[SCEV] Constant fold MultExpr before applying depth limit.

Summary: Users of SCEV reasonably assume that multiplication of two constant SCEVs will in turn be constant. However, that is not always the case: First, we can get here with reached depth limit, and will create MultExpr SCEV `C1 * C2` and cache it. Then, we can get here with the same operands, but with small depth level. But this time we will find existing MultExpr SCEV and return it, instead of expected constant SCEV. This patch changes getMultExpr to not apply depth limit to all constant operands expression, allowing them to be folded.

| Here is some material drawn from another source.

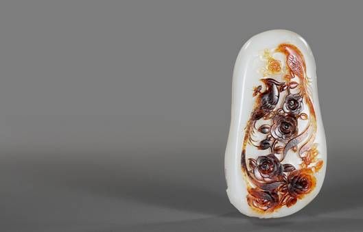 向往田园、大自然是中国传统艺术中的常见情怀,花鸟玉雕恰恰迎合了国人的这种心理需求,因而成为玉雕中一种稳定且重要的题材,并随着历史发展逐渐呈现越来越精美的面貌。王金忠大师以花鸟题材见长,深得院体花鸟尤其是宋代工笔花鸟的精髓。他的作品大多选择带皮色的和田玉籽料,通过对皮色的巧妙处理和运用,既体现出了材质本身的特质,也让作品焕发出了夺目的光彩。他的作品雅丽、灵巧,把艺术的美感和精致的雕琢工艺完美地结合起来,充满了浓郁的文化气息。

Reviewers: reames, mkazantsev Subscribers: hiraditya, javed.absar, llvm-commits Tags: #llvm Differential Revision: https://reviews.llvm.org/D79893
2020-05-13 20:55:07 +03:00 · 2020-05-13 20:55:07 +03:00 · 5451289aba
parent 2419dce5d1
commit 5451289aba
3 changed files with 86 additions and 2 deletions
--- a/llvm/lib/Analysis/ScalarEvolution.cpp
+++ b/llvm/lib/Analysis/ScalarEvolution.cpp
@ -2931,8 +2931,10 @@ const SCEV *ScalarEvolution::getMulExpr(SmallVectorImpl<const SCEV *> &Ops,

  Flags = StrengthenNoWrapFlags(this, scMulExpr, Ops, Flags);

-  // Limit recursion calls depth.
-  if (Depth > MaxArithDepth || hasHugeExpression(Ops))

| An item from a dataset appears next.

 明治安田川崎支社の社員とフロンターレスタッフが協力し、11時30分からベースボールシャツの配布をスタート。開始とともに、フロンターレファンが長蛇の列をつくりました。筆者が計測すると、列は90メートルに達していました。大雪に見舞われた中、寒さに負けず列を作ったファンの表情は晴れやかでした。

+  // Limit recursion calls depth, but fold all-constant expressions.
+  // `Ops` is sorted, so it's enough to check just last one.

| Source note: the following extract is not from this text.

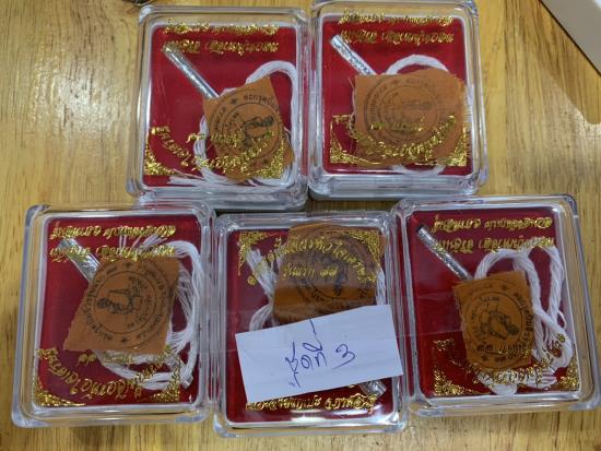 เนื้อเงินกำลังขึ้น ทีเดียว 5 กล่อง ตะกรุดปั้มจีวรหัวใจเศรษฐี รุ่นแรก 77 หลวงปู่ศิลา ยุคต้น จ.กาฬสินธุ์ เนื้อเงิน ได้ครบทั้ง 3 รายการ ตะกรุดเงิน ,จีวร ,สายสิญจน์ ตอกโค๊ด สวยมาก กล่องเดิมครับ 3

+  if ((Depth > MaxArithDepth || hasHugeExpression(Ops)) &&
+      !isa<SCEVConstant>(Ops.back()))
    return getOrCreateMulExpr(Ops, Flags);

  if (SCEV *S = std::get<0>(findExistingSCEVInCache(scMulExpr, Ops))) {
--- a/llvm/test/Analysis/ScalarEvolution/depth-limit-overrun.ll
+++ b/llvm/test/Analysis/ScalarEvolution/depth-limit-overrun.ll
@ -0,0 +1,68 @@
+; RUN: opt -passes 'strength-reduce' -scalar-evolution-max-arith-depth=2 -S < %s | FileCheck %s
+; RUN: opt -loop-reduce -scalar-evolution-max-arith-depth=2 -S < %s | FileCheck %s
+
+; This test should just compile cleanly without assertions.
+
+target datalayout = "e-m:e-p270:32:32-p271:32:32-p272:64:64-i64:64-f80:128-n8:16:32:64-S128-ni:1-p2:32:8:8:32-ni:2"
+
+define void @test(i32 %A, i32 %B, i32 %C) {
+; CHECK-LABEL: @test(
+; CHECK:       inner_loop:
+; CHECK-NEXT:    [[LSR_IV3:%.*]] = phi i32
+; CHECK-NEXT:    [[LSR_IV1:%.*]] = phi i32
+; CHECK-NEXT:    [[LSR_IV:%.*]] = phi i32
+; CHECK:         [[LSR_IV_NEXT:%.*]] = add i32 [[LSR_IV]], 3
+; CHECK-NEXT:    [[LSR_IV_NEXT2:%.*]] = add i32 [[LSR_IV1]], 3
+; CHECK-NEXT:    [[LSR_IV_NEXT4:%.*]] = add i32 [[LSR_IV3]], -3
+;
+entry:
+  br label %outer_loop
+
+outer_loop:
+  %phi2 = phi i32 [ %A, %entry ], [ 204, %outer_tail ]
+  %phi3 = phi i32 [ %A, %entry ], [ 243, %outer_tail ]
+  %phi4 = phi i32 [ %B, %entry ], [ %i35, %outer_tail ]
+  br label %guard
+
+guard:
+  %lcmp.mod = icmp eq i32 %C, 0
+  br i1 %lcmp.mod, label %outer_tail, label %preheader
+
+preheader:
+  %i15 = shl i32 %B, 1
+  br label %inner_loop
+
+inner_loop:
+  %phi5 = phi i32 [ %phi3, %preheader ], [ %i30, %inner_loop ]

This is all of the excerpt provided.